Неудивительно поэтому, что в «Волшебной горе» Т. Манн-романист разошелся с Т. Манном-критиком и теоретиком искусства: при всей свойственной этому роману «толстовской» эпической широте и объективности, по напряженному интеллектуализму, а также по принципам художественного построения «Волшебная гора» допускает сближение скорее с романами Достоевского, чем с романами Толстого.

«Волшебная гора» — «роман воспитания»; Т. Манн продолжает здесь национальную традицию немецкого романа — традицию Гёте, Штифтера, Г. Келлера. К тому же, при всей сложности своей архитектуры, «Волшебная гора» — глубоко «эпическое» произведение; говоря словами Т. Манна, в нем царствует «реалистическая жизненность», «спокойствие» и «скромность», а не «апокалиптические видения», не «гротескная, лихорадочная и диктаторская смелость духа».

И все же уже самая форма «Волшебной горы» необычна, условна, «экспериментальна». Т. Манн сознательно изолирует своего героя Ганса Касторпа от жизни внизу, «на равнине». Перенеся его в один из швейцарских высокогорных санаториев, романист создает особую, «тепличную» обстановку, которая способствует развитию болезни героя и в то же время способствует неожиданному подъему, ускоренной, лихорадочной работе его мысли. Достоевский, размышляя над замыслами романов «Атеизм» и «Житие великого грешника» (планы «Жития» были опубликованы в начале 1920-х годов и уже вскоре переведены на немецкий язык), намеревался перенести действие в монастырь, чтобы здесь столкнуть героя с Пушкиным, Белинским, Чаадаевым и другими фигурами, символически представляющими различные, борющиеся между собой в русском обществе идейные течения и нравственно-духовные силы.
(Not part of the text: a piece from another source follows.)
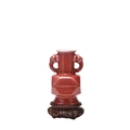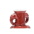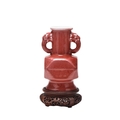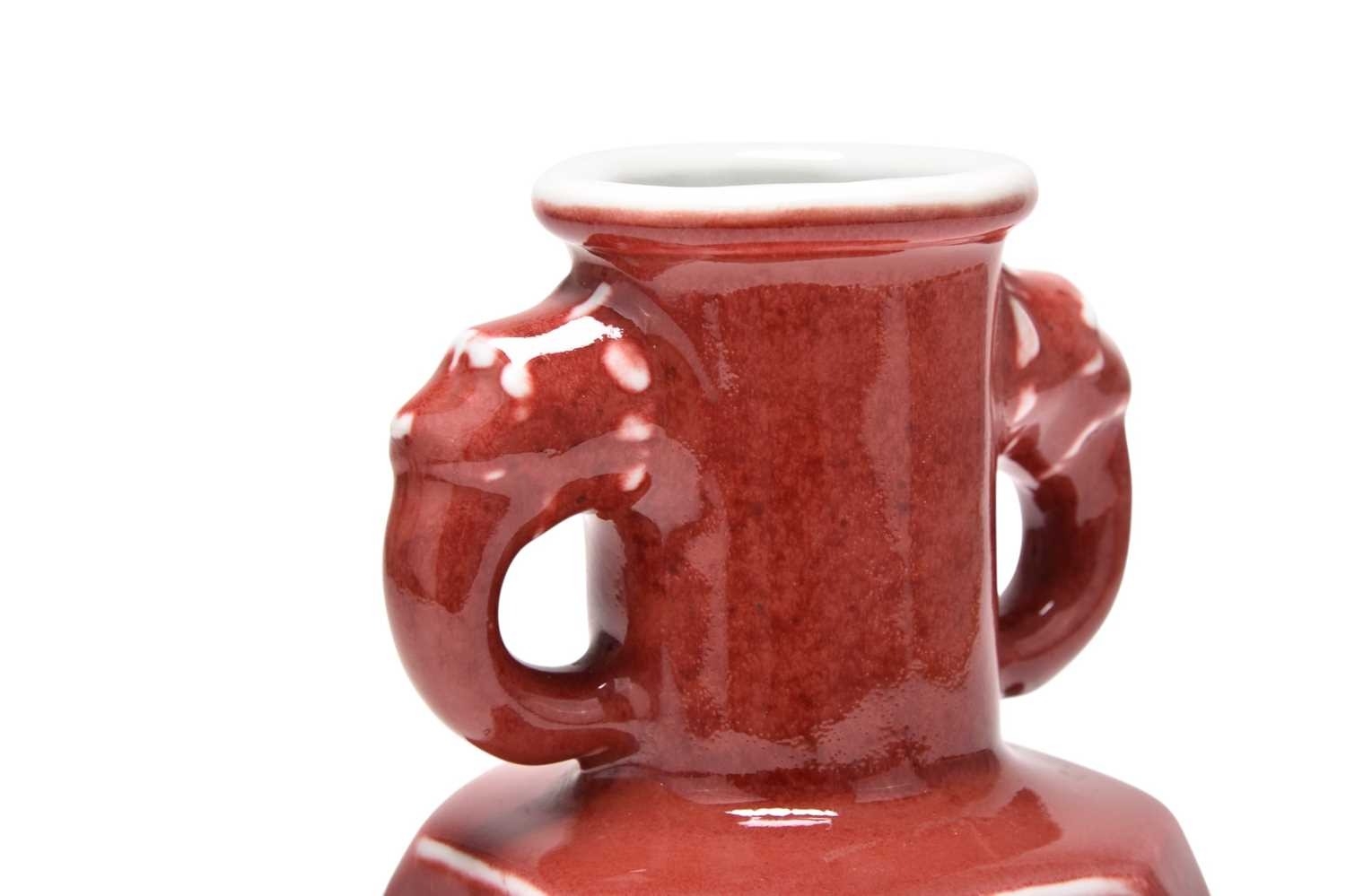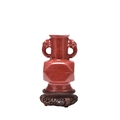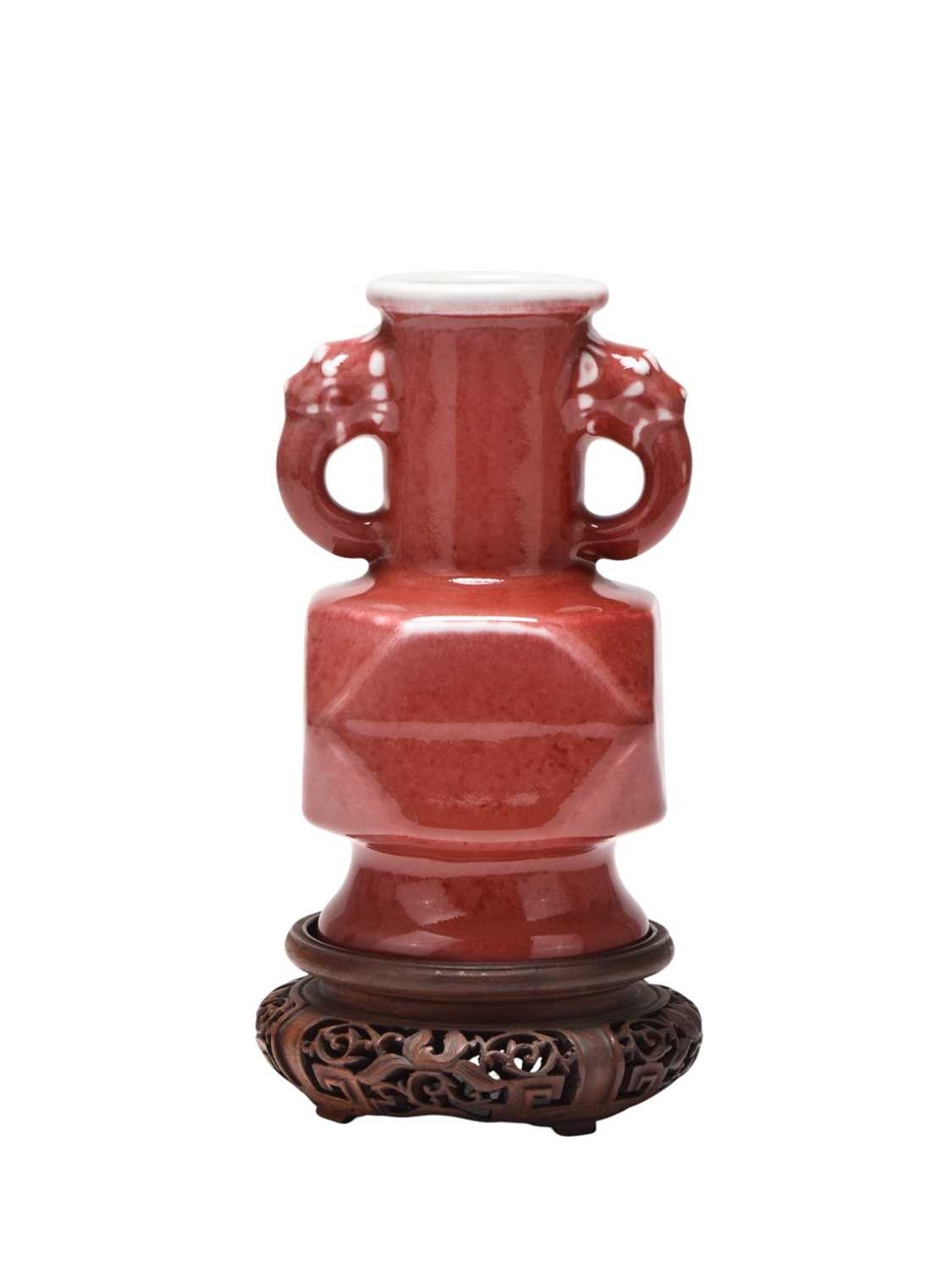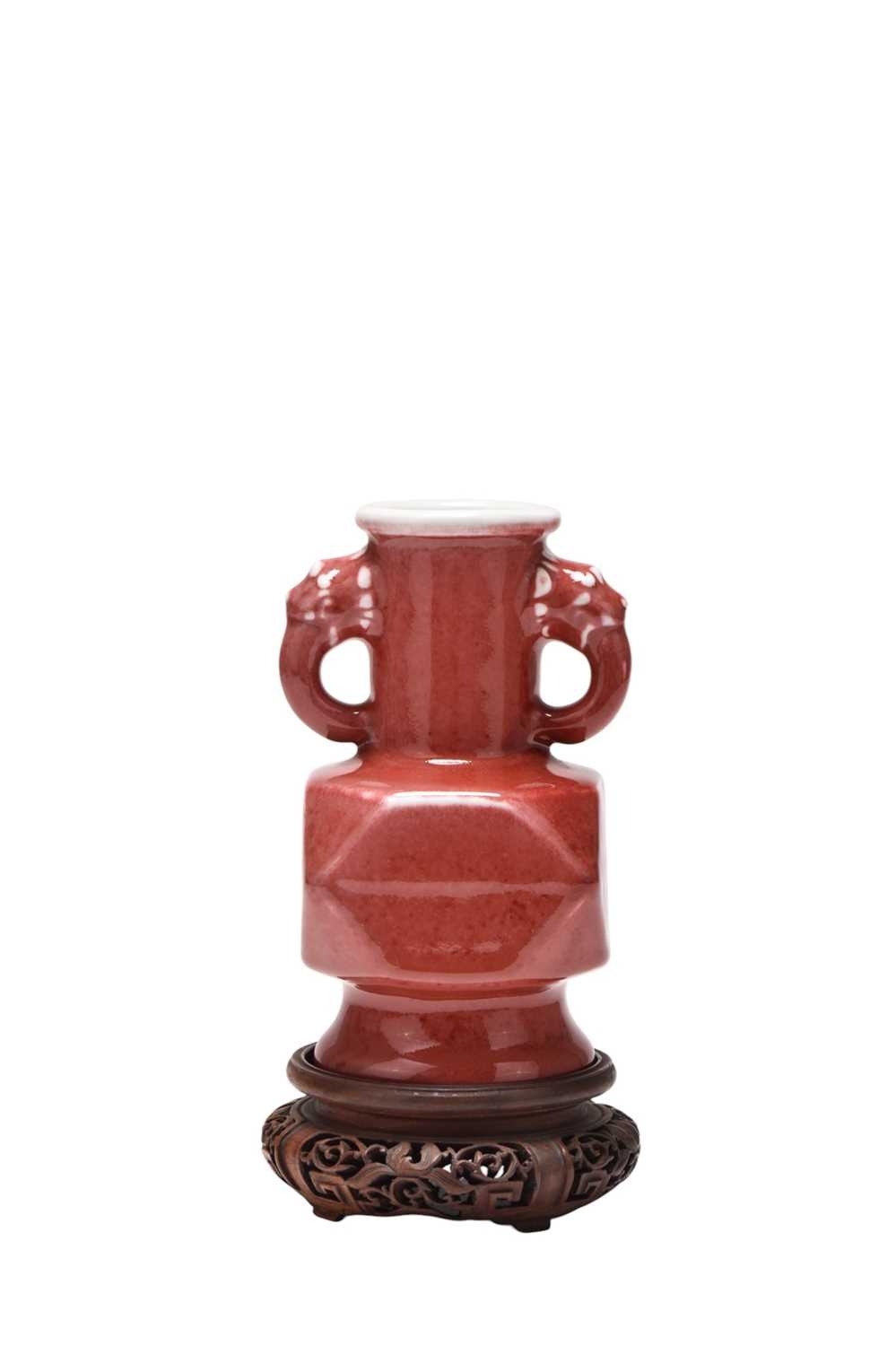 A Chinese copper red glazed Hu-form vase Qing Dynasty The cylindrical neck applied with twin dragon-head handles, the body of faceted form above a spreading foot, covered in a slightly mottled copper red glaze, thinning at the rim and handles. With carved hardwood stand. 18cm high
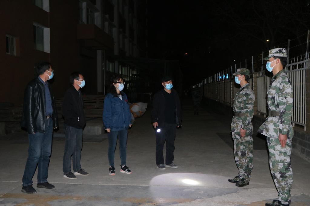 来到一线重点区域,公司领导巡检现场巡逻值班工作,并对预备役同学按要求落实值班安排和防控工作表示了充分的肯定。随即对晚上默默坚守岗位的预备役同学不辞辛苦、服务师生的奉献精神表示称赞。最后,公司领导强调:预备役同学们要高度重视疫情防控工作,强化值守,做到人不离岗、岗不离人,巡逻务必细致,谨防出现晚上有部分员工“钻空子”,出现取外卖、取快递、翻墙出校等违纪现象。

Точно так же Ганс Касторп в своей искусственной изоляции от жизни «равнины» окружен своеобразными людьми-символами, каждый из которых воплощает один из ее «ликов». За душу Касторпа ведут борьбу Нафта и Сетембрини, любовь и смерть, «болезнь» и «здоровье». Он становится свидетелем и участником долгих и напряженных дискуссий, где сталкиваются противоположные взгляды и убеждения, оцениваются «pro» и «contra» каждой из борющихся сторон. Причем, как у Достоевского, в романе сегодняшнее смешивается со вчерашним, остро злободневное и современное с «вечным» и вневременным. Санаторий, в котором томится Касторп,— это и оборудованный по последнему слову техники санаторий, типичный уголок предвоенной буржуазной Европы, и вагнеровская «Волшебная гора» — «грот Венеры», где разыгрывается трагедия современного Тангейзера, а в его сновидениях мелькают вполне реальные маски Г. Гауптмана, Г. Лукача и других современников романиста. Напряженнейший роман-диспут объединяется со своеобразным шутовским маскарадом, с ироническим «парадом» теней, дефилирующих перед Касторпом.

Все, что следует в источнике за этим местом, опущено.